/---

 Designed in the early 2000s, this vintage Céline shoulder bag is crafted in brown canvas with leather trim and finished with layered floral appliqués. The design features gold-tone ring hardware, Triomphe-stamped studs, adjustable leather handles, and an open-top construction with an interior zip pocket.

\---
/---

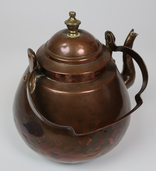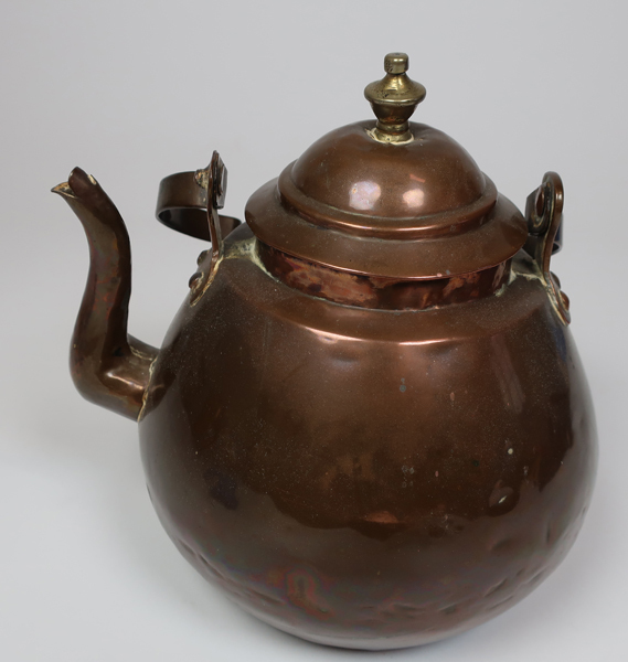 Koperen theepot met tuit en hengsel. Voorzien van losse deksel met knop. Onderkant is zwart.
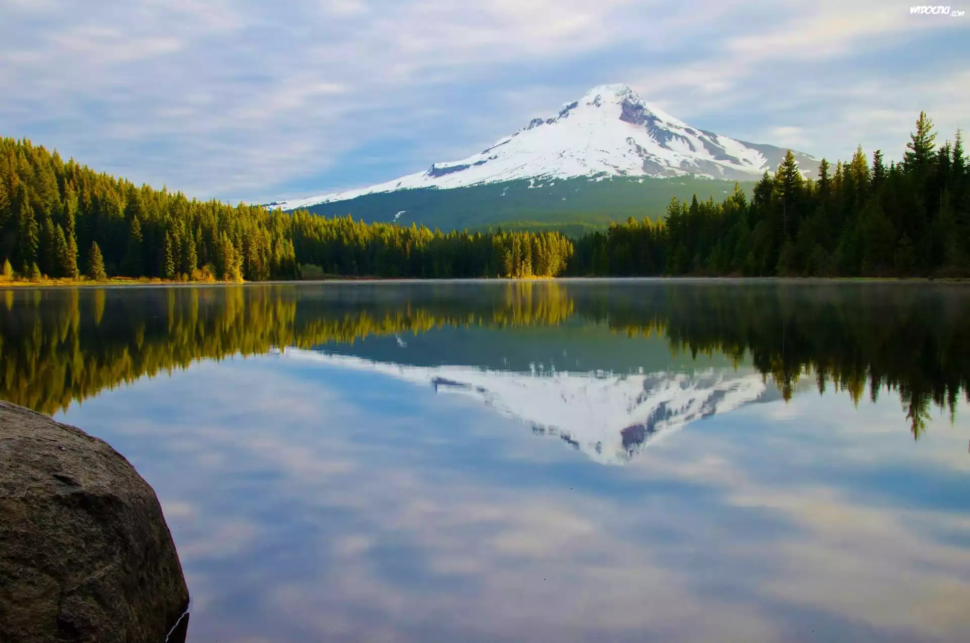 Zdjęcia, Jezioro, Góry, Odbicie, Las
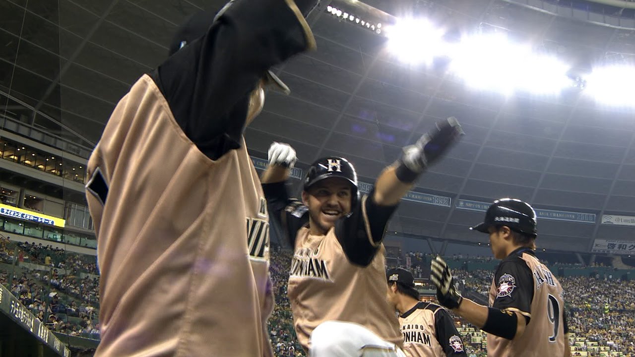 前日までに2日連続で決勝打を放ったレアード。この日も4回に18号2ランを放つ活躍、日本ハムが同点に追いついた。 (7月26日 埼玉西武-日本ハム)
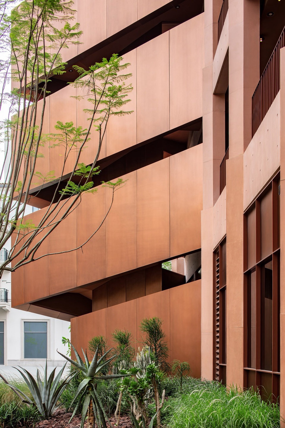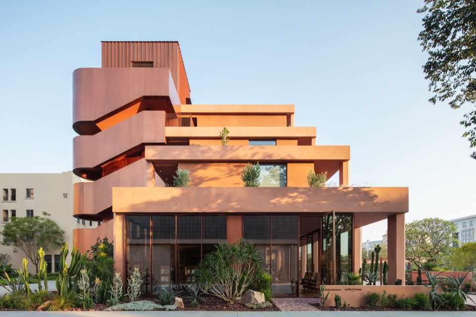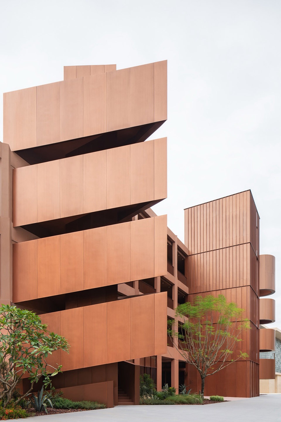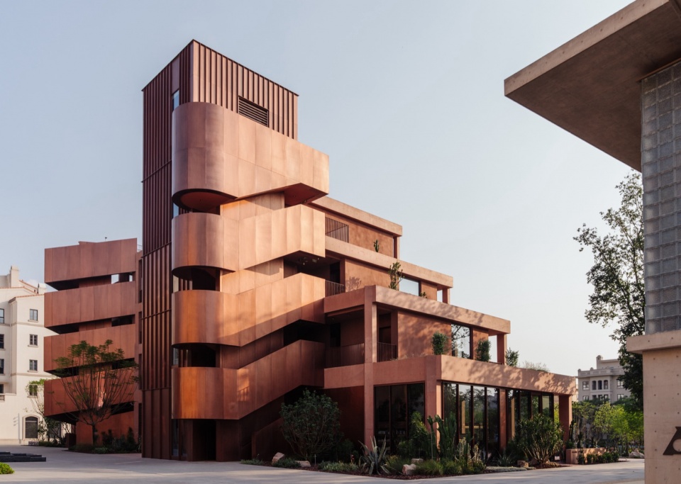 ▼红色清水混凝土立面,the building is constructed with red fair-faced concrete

\---
/---

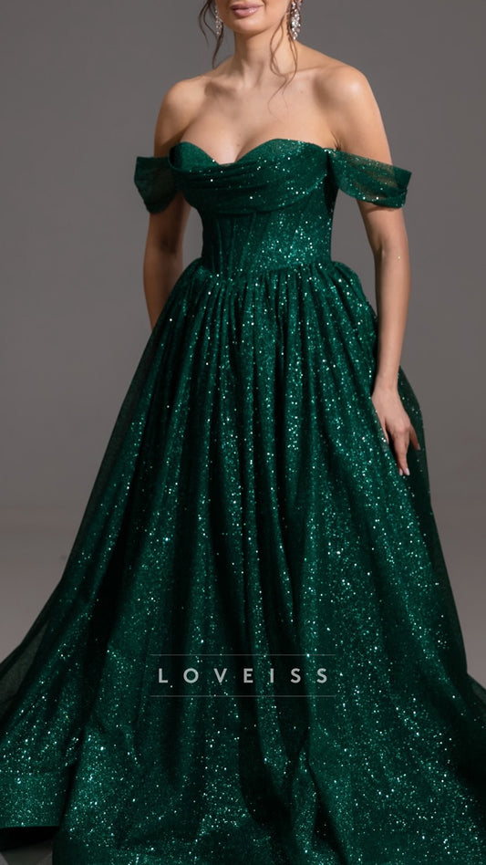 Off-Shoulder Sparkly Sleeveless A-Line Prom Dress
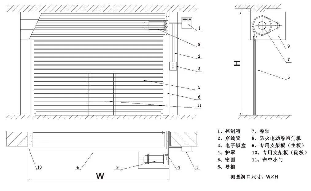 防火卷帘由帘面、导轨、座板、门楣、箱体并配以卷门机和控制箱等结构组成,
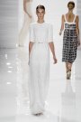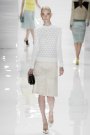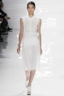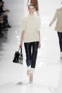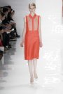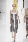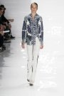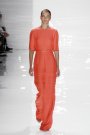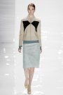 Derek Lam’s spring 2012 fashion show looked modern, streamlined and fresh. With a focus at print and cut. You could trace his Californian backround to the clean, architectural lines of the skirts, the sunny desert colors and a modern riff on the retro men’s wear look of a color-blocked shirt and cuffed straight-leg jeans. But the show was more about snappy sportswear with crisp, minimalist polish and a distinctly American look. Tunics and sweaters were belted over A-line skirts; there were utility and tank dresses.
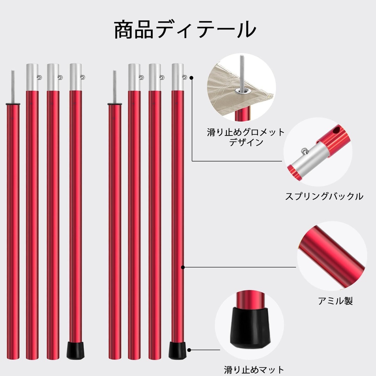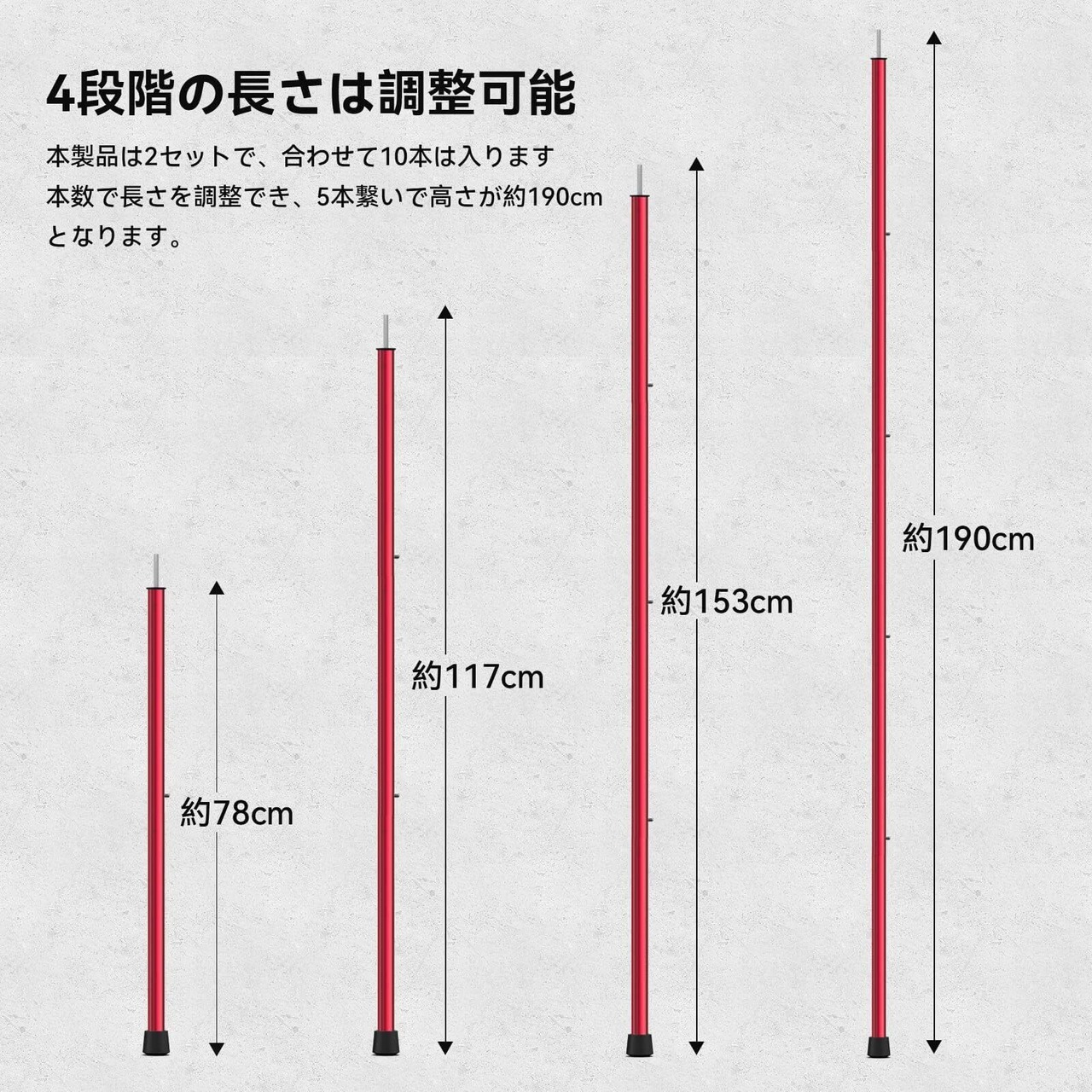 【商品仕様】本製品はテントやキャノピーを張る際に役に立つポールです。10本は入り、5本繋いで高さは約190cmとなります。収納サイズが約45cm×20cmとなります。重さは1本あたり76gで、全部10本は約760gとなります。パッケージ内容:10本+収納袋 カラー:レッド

\---

_Problem to solve:_ Transcribe only the lines above that start at the line containing "Koperen theepot met" and end at the line containing "red fair-faced concrete". Omit pictures.

_Result for this task:_
 Koperen theepot met tuit en hengsel. Voorzien van losse deksel met knop. Onderkant is zwart.
 Zdjęcia, Jezioro, Góry, Odbicie, Las
 前日までに2日連続で決勝打を放ったレアード。この日も4回に18号2ランを放つ活躍、日本ハムが同点に追いついた。 (7月26日 埼玉西武-日本ハム)
 ▼红色清水混凝土立面,the building is constructed with red fair-faced concrete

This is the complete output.